%%

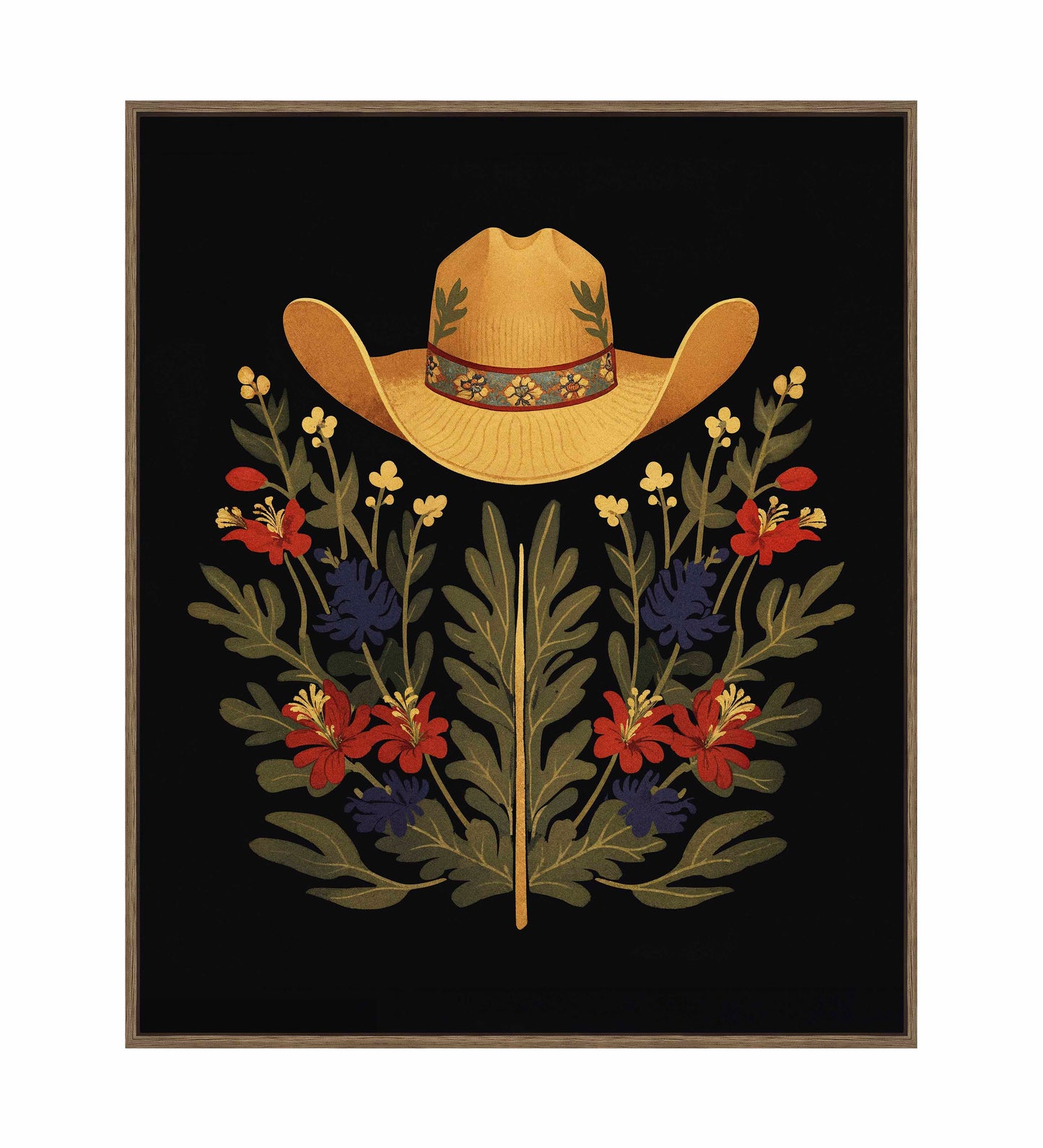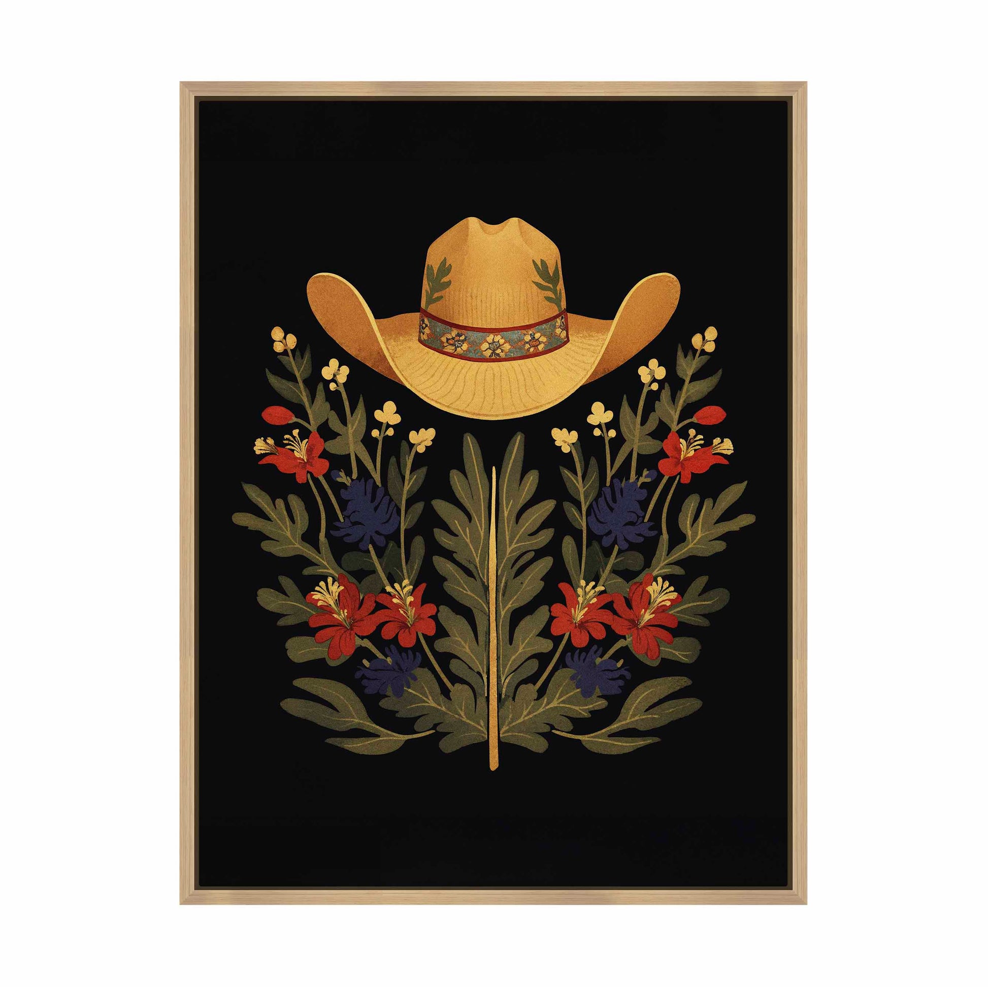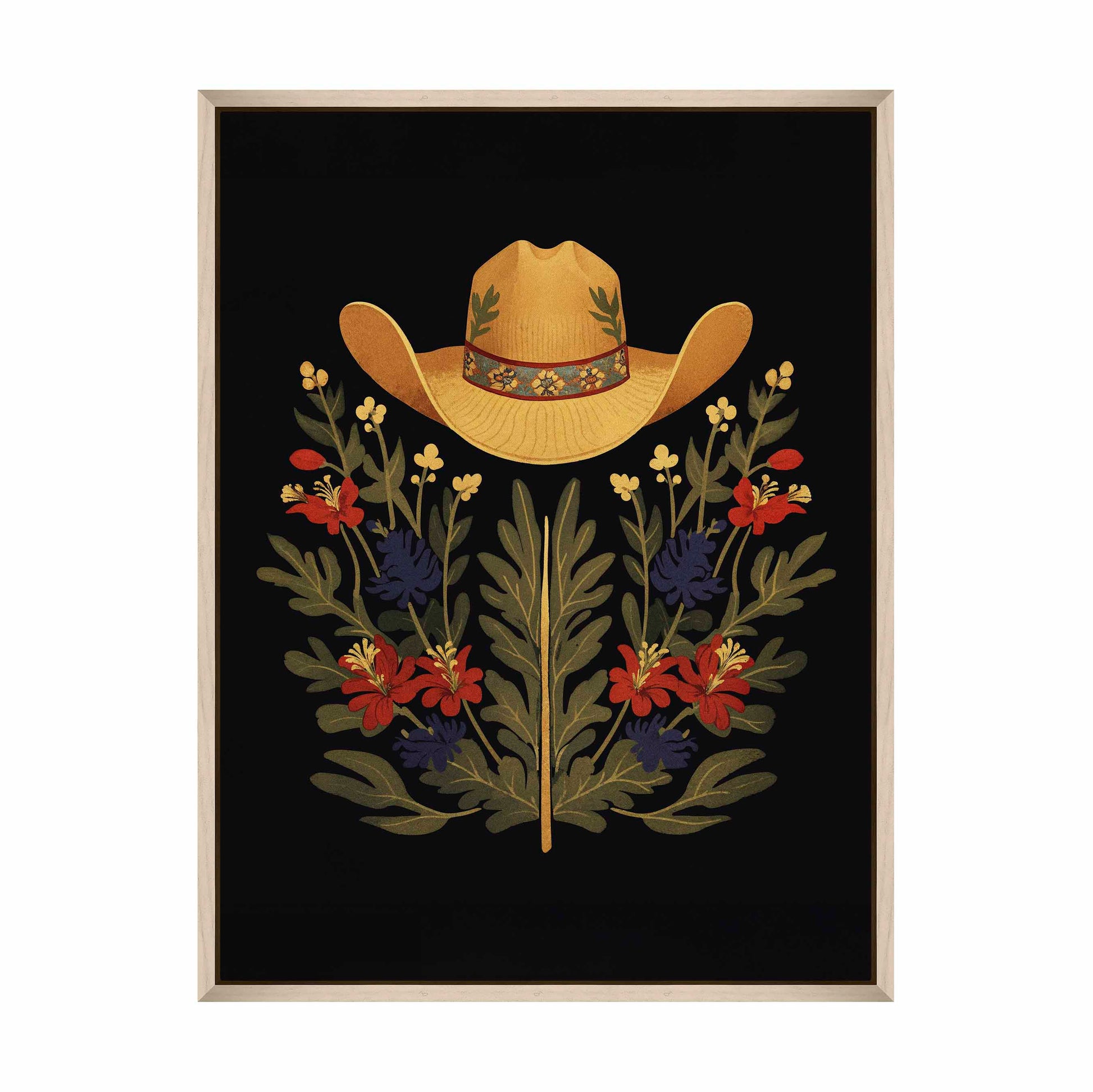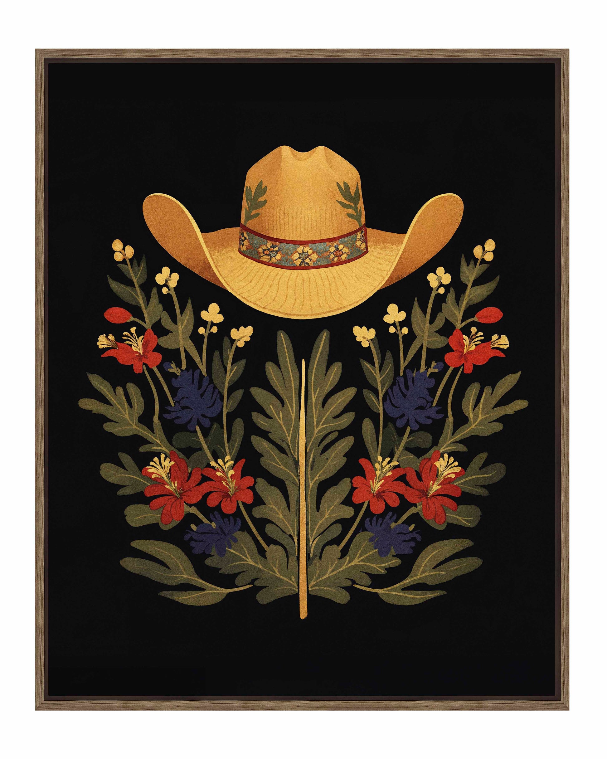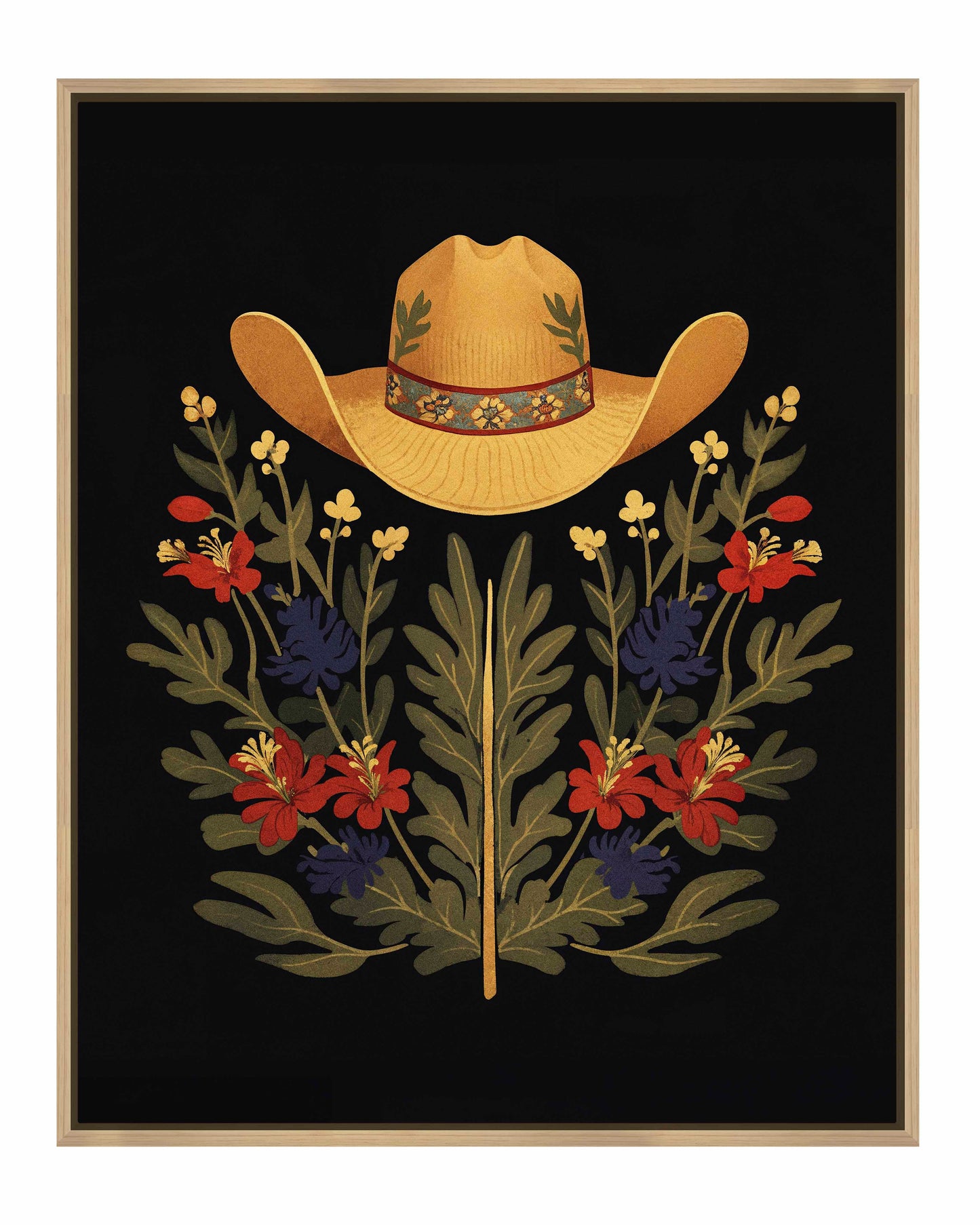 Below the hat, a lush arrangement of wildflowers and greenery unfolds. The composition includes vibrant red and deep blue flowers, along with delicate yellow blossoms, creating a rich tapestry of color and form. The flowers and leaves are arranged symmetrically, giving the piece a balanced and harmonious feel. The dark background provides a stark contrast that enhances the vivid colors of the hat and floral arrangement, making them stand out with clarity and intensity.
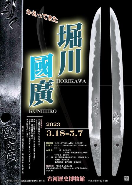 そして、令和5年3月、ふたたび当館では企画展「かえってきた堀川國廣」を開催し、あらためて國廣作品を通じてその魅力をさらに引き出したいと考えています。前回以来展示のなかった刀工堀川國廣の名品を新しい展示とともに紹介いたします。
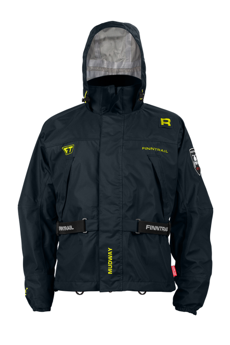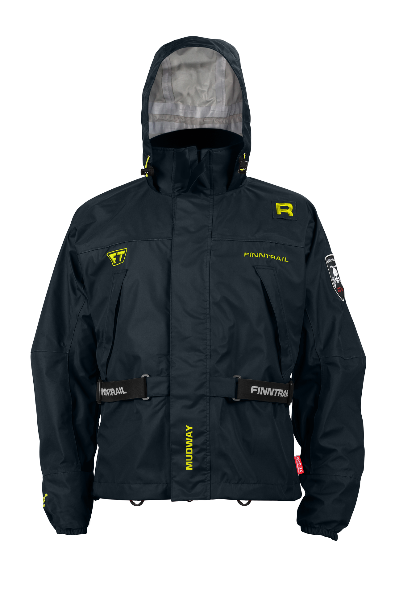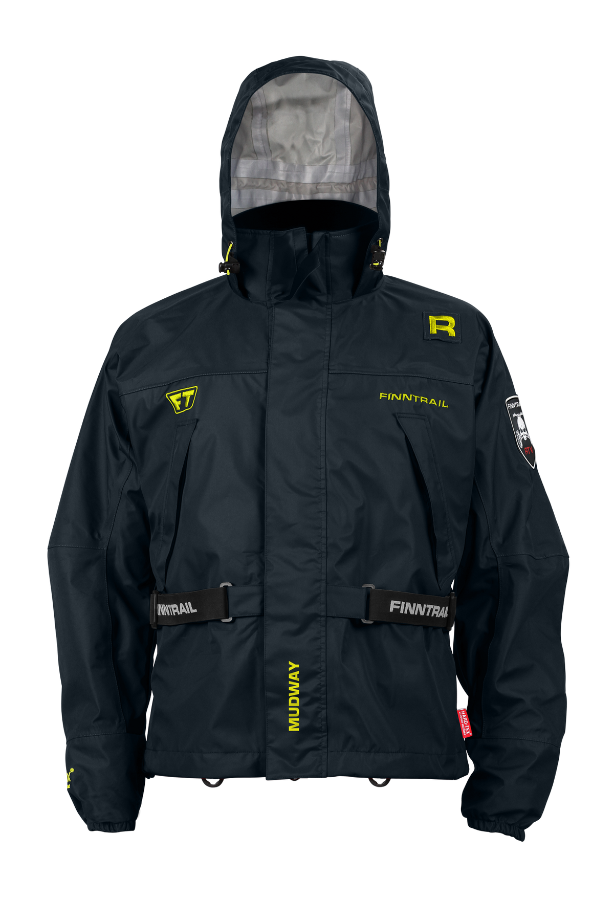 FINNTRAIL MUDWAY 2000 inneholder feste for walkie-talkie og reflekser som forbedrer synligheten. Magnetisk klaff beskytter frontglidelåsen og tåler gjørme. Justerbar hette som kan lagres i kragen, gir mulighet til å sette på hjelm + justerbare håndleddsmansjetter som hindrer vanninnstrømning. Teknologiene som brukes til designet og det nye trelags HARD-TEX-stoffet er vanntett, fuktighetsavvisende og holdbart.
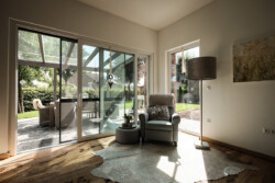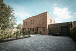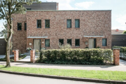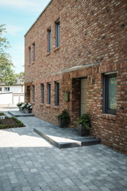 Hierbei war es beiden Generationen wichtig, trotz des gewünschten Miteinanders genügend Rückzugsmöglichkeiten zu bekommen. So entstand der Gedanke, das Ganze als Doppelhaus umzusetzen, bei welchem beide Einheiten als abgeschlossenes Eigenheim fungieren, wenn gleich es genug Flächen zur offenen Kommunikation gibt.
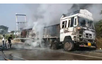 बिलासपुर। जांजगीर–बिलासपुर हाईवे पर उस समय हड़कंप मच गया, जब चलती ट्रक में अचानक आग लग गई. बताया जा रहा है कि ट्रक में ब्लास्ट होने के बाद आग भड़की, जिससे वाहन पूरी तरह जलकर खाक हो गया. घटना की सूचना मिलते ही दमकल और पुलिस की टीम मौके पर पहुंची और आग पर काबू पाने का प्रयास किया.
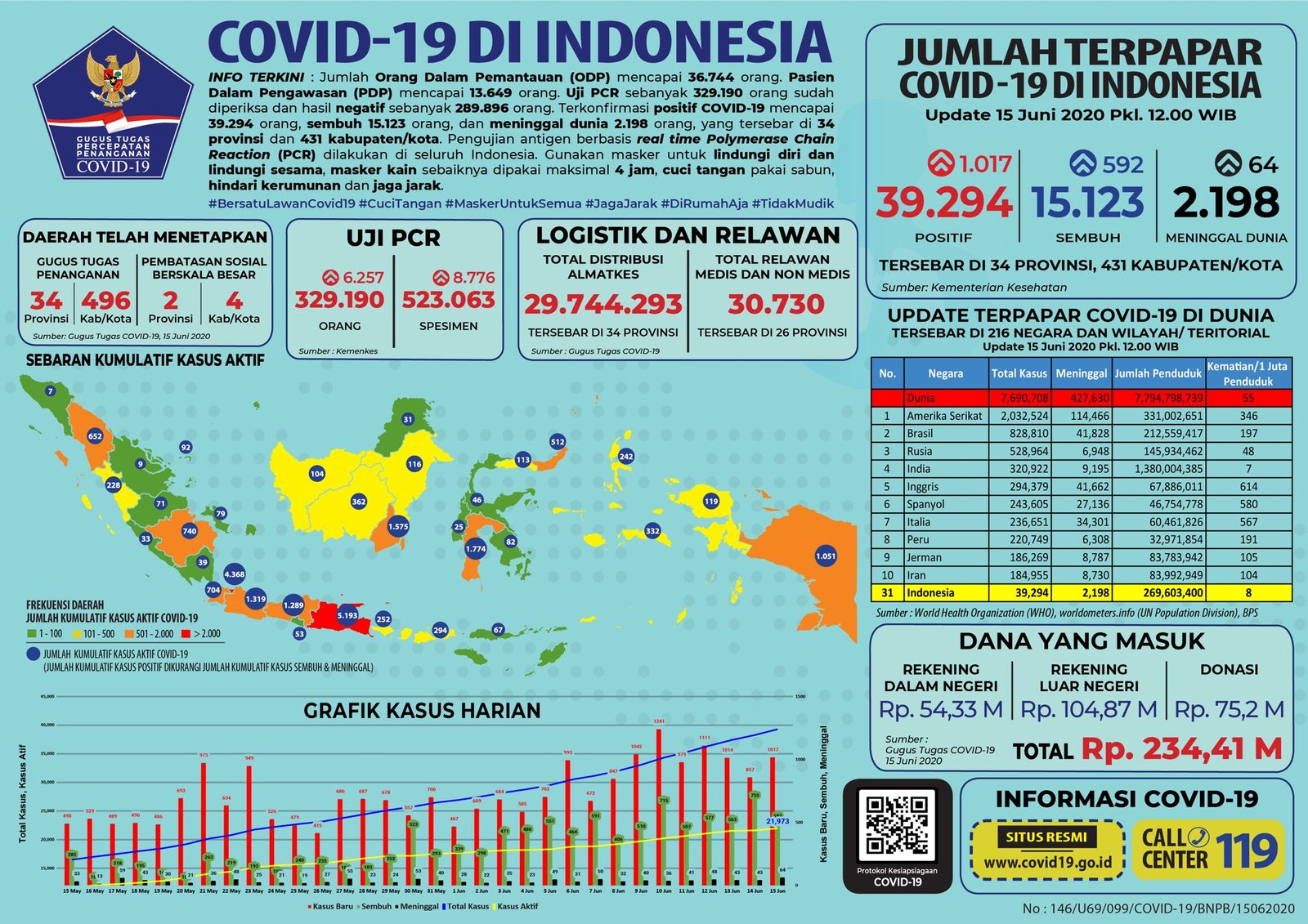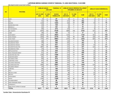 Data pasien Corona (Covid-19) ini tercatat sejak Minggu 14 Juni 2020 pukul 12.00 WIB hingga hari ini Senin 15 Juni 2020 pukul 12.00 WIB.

%%

TASK GOAL: Make an exact copy of the records shown above, without the pictures.

RESULT:
 Below the hat, a lush arrangement of wildflowers and greenery unfolds. The composition includes vibrant red and deep blue flowers, along with delicate yellow blossoms, creating a rich tapestry of color and form. The flowers and leaves are arranged symmetrically, giving the piece a balanced and harmonious feel. The dark background provides a stark contrast that enhances the vivid colors of the hat and floral arrangement, making them stand out with clarity and intensity.
 そして、令和5年3月、ふたたび当館では企画展「かえってきた堀川國廣」を開催し、あらためて國廣作品を通じてその魅力をさらに引き出したいと考えています。前回以来展示のなかった刀工堀川國廣の名品を新しい展示とともに紹介いたします。
 FINNTRAIL MUDWAY 2000 inneholder feste for walkie-talkie og reflekser som forbedrer synligheten. Magnetisk klaff beskytter frontglidelåsen og tåler gjørme. Justerbar hette som kan lagres i kragen, gir mulighet til å sette på hjelm + justerbare håndleddsmansjetter som hindrer vanninnstrømning. Teknologiene som brukes til designet og det nye trelags HARD-TEX-stoffet er vanntett, fuktighetsavvisende og holdbart.
 Hierbei war es beiden Generationen wichtig, trotz des gewünschten Miteinanders genügend Rückzugsmöglichkeiten zu bekommen. So entstand der Gedanke, das Ganze als Doppelhaus umzusetzen, bei welchem beide Einheiten als abgeschlossenes Eigenheim fungieren, wenn gleich es genug Flächen zur offenen Kommunikation gibt.
 बिलासपुर। जांजगीर–बिलासपुर हाईवे पर उस समय हड़कंप मच गया, जब चलती ट्रक में अचानक आग लग गई. बताया जा रहा है कि ट्रक में ब्लास्ट होने के बाद आग भड़की, जिससे वाहन पूरी तरह जलकर खाक हो गया. घटना की सूचना मिलते ही दमकल और पुलिस की टीम मौके पर पहुंची और आग पर काबू पाने का प्रयास किया.
 Data pasien Corona (Covid-19) ini tercatat sejak Minggu 14 Juni 2020 pukul 12.00 WIB hingga hari ini Senin 15 Juni 2020 pukul 12.00 WIB.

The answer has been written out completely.